Preventing suicide in the military

Is limiting firearms access a possible intervention?


It with sadness that I read the new Department of Defense report documenting an increasing number of suicides in the military. And also, cynicism about the proposed remedies.

Dr. Elspeth Cameron Ritchie, chief of psychiatry at MedStar Washington Hospital Center.

Dr. Elspeth Cameron Ritchie

According the DoD report, the rate of suicide among active-duty military increased from 18.5 per 100,000 service members in 2013 to 24.8 suicides per service members in 2018.

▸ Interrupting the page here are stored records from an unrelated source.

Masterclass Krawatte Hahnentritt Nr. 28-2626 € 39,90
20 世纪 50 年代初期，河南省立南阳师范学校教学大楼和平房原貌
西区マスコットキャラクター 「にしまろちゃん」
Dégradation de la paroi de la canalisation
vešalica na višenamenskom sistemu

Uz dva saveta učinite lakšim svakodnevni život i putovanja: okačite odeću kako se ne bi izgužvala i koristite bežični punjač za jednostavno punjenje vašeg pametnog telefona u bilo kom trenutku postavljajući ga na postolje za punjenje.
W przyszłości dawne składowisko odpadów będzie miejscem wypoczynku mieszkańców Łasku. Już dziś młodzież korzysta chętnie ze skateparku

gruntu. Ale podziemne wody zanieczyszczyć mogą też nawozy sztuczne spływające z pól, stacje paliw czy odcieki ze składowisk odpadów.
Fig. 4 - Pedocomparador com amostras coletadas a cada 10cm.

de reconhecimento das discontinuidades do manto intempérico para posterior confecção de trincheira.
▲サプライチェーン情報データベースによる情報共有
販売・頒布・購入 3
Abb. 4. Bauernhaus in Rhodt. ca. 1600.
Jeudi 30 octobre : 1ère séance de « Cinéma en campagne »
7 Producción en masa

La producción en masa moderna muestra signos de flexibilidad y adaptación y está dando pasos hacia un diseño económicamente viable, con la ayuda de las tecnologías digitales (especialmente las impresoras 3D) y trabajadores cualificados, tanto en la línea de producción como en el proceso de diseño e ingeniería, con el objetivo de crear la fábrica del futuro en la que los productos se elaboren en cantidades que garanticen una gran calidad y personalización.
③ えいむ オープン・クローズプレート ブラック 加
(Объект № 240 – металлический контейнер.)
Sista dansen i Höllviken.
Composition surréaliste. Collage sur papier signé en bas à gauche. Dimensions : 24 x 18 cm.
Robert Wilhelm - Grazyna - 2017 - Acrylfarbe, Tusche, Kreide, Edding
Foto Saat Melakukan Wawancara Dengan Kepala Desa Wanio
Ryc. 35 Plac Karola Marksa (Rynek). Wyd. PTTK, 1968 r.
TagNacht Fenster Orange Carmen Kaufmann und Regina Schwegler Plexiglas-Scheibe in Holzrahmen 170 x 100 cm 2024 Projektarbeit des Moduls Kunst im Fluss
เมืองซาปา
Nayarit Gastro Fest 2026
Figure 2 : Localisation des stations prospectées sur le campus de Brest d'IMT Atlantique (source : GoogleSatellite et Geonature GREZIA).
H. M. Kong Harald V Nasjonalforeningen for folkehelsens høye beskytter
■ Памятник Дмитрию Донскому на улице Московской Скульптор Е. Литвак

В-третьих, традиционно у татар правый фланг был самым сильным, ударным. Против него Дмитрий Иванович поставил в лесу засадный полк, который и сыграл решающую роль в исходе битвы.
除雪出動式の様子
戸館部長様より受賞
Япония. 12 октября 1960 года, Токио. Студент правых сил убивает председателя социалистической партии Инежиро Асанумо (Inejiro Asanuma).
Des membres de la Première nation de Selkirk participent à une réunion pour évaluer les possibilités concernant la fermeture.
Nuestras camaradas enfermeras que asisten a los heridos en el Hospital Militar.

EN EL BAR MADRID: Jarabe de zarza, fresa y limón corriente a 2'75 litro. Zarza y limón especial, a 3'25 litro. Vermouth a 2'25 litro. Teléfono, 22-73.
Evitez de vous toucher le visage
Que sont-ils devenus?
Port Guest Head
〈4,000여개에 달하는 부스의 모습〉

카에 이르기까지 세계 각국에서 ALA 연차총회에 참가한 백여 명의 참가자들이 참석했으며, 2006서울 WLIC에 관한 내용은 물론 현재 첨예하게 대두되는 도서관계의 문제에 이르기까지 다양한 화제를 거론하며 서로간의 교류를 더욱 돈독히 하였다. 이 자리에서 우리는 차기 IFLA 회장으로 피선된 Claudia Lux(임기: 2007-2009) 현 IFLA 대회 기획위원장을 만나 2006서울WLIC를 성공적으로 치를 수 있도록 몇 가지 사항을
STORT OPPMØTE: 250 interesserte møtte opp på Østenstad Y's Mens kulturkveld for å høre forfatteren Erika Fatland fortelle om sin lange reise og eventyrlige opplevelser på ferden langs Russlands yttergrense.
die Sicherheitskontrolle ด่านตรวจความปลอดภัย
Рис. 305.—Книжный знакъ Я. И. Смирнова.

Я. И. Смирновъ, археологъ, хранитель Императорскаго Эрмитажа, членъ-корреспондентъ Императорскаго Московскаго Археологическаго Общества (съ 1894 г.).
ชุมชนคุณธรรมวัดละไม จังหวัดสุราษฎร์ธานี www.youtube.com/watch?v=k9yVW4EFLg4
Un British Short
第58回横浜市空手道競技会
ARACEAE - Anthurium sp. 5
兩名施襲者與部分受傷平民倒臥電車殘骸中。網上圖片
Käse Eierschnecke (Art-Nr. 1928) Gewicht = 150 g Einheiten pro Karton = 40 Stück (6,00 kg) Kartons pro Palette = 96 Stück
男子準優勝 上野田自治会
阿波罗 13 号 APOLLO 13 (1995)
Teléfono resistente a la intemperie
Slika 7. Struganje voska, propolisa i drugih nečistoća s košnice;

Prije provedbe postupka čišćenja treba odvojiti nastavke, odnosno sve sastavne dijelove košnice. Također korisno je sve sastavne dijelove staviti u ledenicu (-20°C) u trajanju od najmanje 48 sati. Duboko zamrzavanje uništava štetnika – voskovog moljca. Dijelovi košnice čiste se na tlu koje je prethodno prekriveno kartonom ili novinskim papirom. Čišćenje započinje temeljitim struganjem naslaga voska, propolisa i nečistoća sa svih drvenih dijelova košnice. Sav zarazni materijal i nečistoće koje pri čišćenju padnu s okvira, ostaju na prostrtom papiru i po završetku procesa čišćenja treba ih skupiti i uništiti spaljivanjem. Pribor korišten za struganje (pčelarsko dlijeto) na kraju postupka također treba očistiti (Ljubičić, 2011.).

For context, I was in the Army for a career and at the office of the Army surgeon general from 2005 to 2010. That was when the suicide rate began to rise from the normal 10 per 100,000 soldiers per year to almost double that rate.

I led conferences within the Army Medical Command aimed at reducing suicides. Later, when the problem escalated, I participated in a variety of efforts to lower it. I went to Iraq to consult.

There was a Department of the Army task force on suicide prevention. Later, a DoD task force.

Numerous recommendations were made. If I remember right, the Army task force had almost 200 recommendations. They ranged from tightening accession standards, to providing more mental health care. The issues of shaming and blaming commanders also were a key topic of discussion.

Resiliency training was big. At some point, there were more than 200 resilience programs in the DoD. There were no data (to my knowledge) showing that they work.

An emphasis was the message: “It is a sign of strength to ask for help.”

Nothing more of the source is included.